Вы чётко знаете, что увидите: здоровые крепкие ноги. Ступни, голени. Но вы всё равно с замиранием сердца чего-то ждёте. Чего? Что у мальчика вырастет третья нога? Ещё чего-нибудь? Джереми Л. Смит может сделать это для вас, потому что он любит вас. Он может устроить любое шоу — этот фокусник, этот божественный маг, канатоходец над Ниагарой. Но он не делает этого, потому что вас больше всего поразит не третья нога, а обыкновенные здоровые конечности. Вас повергнет в шок то, что вы ожидали увидеть и, конечно, увидели. Вам не имели права показать ничего другого.
Уна переходит к следующей койке. Оператор крупным планом снимает её смиренное лицо, покрытую белой тканью голову. Тут лежит мужчина. Ноги у него на месте, зато вместо лица — рубцовая ткань, сочится жёлто-зелёная сукровица. Глаз нет, нет носа и подбородка. Камера: крупный план. Вы же любите мясо, правда? Чем страшнее выглядит травма, тем эффектнее исцеление. Джереми накладывает руки — и через несколько секунд на вас уже смотрит симпатичный африканец лет тридцати с классическим приплюснутым носом и огромными выпяченными губами. Он поднимает руки и ощупывает своё лицо.

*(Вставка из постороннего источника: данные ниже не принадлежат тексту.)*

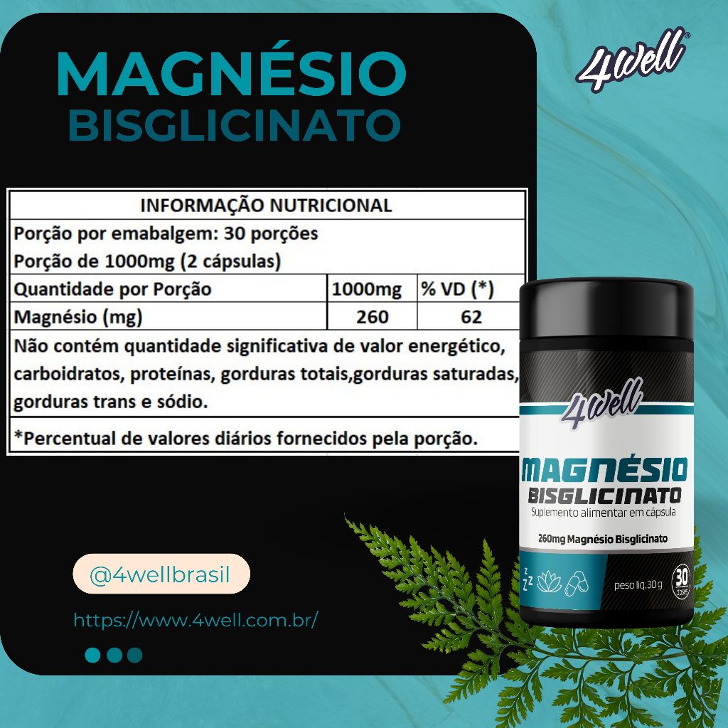 Magnésio Bisglicinato 4well 260mg - 60 cápsulas

На самом деле он должен лежать в гипсе, в повязке — я не знаю. С них снимают бинты и бандажи, чтобы продемонстрировать вам их увечья. Чтобы показать: Джереми Л. Смит и вправду исцеляет. Это не ложь, не выдумка, не фейк. Смотрите на это: до и после.

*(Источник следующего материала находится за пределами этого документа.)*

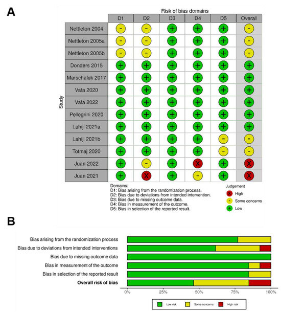Two of the thirteen included studies [52,53] were identified as having overall high ROB, five studies [41,42,43,48,51] were interpreted as having some concerns (particularly in either ROB domains 1 and 2 or domain 5), and six studies [44,45,46,47,49,50] were identified with a low ROB for all domains (Figure 2A). The overall summary of risk of bias (ROB) of the thirteen included studies appears in Figure 2B.

Это рекламный трюк. Вот Джон до использования лосьона для волос «Супершевелюра»: он абсолютно лыс. У него грустное выражение лица, потёртый свитер и впалая грудь. А вот тот же Джон через полгода регулярного пользования лосьоном «Супершевелюра». У него густые каштановые волосы, красивая жена (на заднем плане, рядом с дорогим автомобилем), новый свитер и выражение абсолютного превосходства на лице. Это яйцо, половина которого намазана «Бленд-а-медом». Оно не растворяется Даже в серной кислоте и не варится в жидком металле.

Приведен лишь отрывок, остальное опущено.